Here are the 2 pics we have obtained thus far:


















If there is anyone in the area, or within a relative distance that could help take in some, it would be appreciated ( I can give you the ladies craigslist link if you want to email her yourself). Our area has no small animal rescues, and if animal control takes them they will be PTS. We are trying to save as many as we can.

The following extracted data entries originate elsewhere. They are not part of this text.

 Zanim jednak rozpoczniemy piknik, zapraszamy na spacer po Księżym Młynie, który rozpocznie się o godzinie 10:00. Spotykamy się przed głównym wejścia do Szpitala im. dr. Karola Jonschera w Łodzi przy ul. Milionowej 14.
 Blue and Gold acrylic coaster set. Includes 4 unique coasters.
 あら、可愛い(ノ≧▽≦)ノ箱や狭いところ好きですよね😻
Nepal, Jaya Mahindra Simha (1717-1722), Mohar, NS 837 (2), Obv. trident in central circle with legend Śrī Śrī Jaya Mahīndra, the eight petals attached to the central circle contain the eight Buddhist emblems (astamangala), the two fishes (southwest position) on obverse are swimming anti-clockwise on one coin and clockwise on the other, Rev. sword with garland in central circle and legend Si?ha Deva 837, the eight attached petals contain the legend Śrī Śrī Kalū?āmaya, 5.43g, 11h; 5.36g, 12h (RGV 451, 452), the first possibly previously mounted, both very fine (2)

Also any advice in dealing with this type of situation is also appreciated.

Thank You,
Lauren


*EDIT:* We made contact with this woman and obtained 30+ rats from her. It turns out she has over 300 and we are involving the Mobile SPCA. The 30+ we have are in pretty bad shape and we are working on their health and temperment. 
Their whole story is here with pics
http://www.goosemoose.com/component/option,com_smf/Itemid,118/forum,rat/topic,4052288.0


We have created a rattie train that is meeting up in Baton Rouge, LA. One person is traveling from Dallas, TX and one is traveling from Crestview, FL.
This website shows all the adoptables and also has a map of the train available. If you are along the route and would like to adopt please contact me!!
http://www.fladoptablerats.webs.com/


----------



## Lauren_22 (Mar 10, 2009)

Bumped up with Updates!!


----------



## hnbubz (Mar 2, 2009)

i read that whole thread, and now i want to join that forum too =DD you guys did such great things for the lil ratties, and i would love to help if i didnt live in illinois.


----------



## redd1800 (Mar 16, 2008)

Found the link on my guinea pig forum (cavy cages)! Word is spreading - can't believe she had 300 rats. Poor wee guys. 


Just posting to bump up this thread. I live in Northern Ireland, so unable to do much more. 

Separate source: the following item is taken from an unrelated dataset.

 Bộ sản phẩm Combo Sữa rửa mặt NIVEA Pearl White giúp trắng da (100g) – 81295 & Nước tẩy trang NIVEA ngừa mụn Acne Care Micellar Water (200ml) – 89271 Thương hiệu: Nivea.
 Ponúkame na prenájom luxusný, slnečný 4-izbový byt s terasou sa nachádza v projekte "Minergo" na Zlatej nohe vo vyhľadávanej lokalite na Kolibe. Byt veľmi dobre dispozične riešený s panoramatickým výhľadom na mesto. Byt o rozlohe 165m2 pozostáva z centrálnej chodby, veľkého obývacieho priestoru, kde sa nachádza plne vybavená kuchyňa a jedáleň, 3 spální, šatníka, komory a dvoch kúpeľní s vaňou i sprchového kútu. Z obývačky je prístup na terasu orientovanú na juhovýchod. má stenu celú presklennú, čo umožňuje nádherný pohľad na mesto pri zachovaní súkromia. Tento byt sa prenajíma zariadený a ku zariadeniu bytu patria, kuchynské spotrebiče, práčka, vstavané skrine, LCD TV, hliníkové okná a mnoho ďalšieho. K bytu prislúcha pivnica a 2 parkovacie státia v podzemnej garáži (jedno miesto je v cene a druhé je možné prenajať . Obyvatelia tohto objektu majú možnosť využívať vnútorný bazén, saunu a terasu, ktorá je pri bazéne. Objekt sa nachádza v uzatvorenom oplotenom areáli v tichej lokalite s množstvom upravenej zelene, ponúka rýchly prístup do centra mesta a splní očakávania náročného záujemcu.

its amazing to see such a well organised rescue - very impressive!


----------



## Lauren_22 (Mar 10, 2009)

Just to update everyone, we organized a rattie train up the east coast that went from Crestview, FL to Atlanta, GA, and then all the way up to Pennsylvannia! All the rats have found either forever homes or foster homes that are adopting them out. 

Thanks Everyone,
Lauren


----------



## wizzyjo (Mar 3, 2009)

just read that whole huge post on the other website. so glad that some have been rescued. does anyone have any idea of how many are still left?


----------



## FeffOx (Feb 8, 2009)

I read all this on GM, and WOW.
Her rats living in the walls? Thats terrible!
Thanks for saving at least some of these rats from them terrible conditions


----------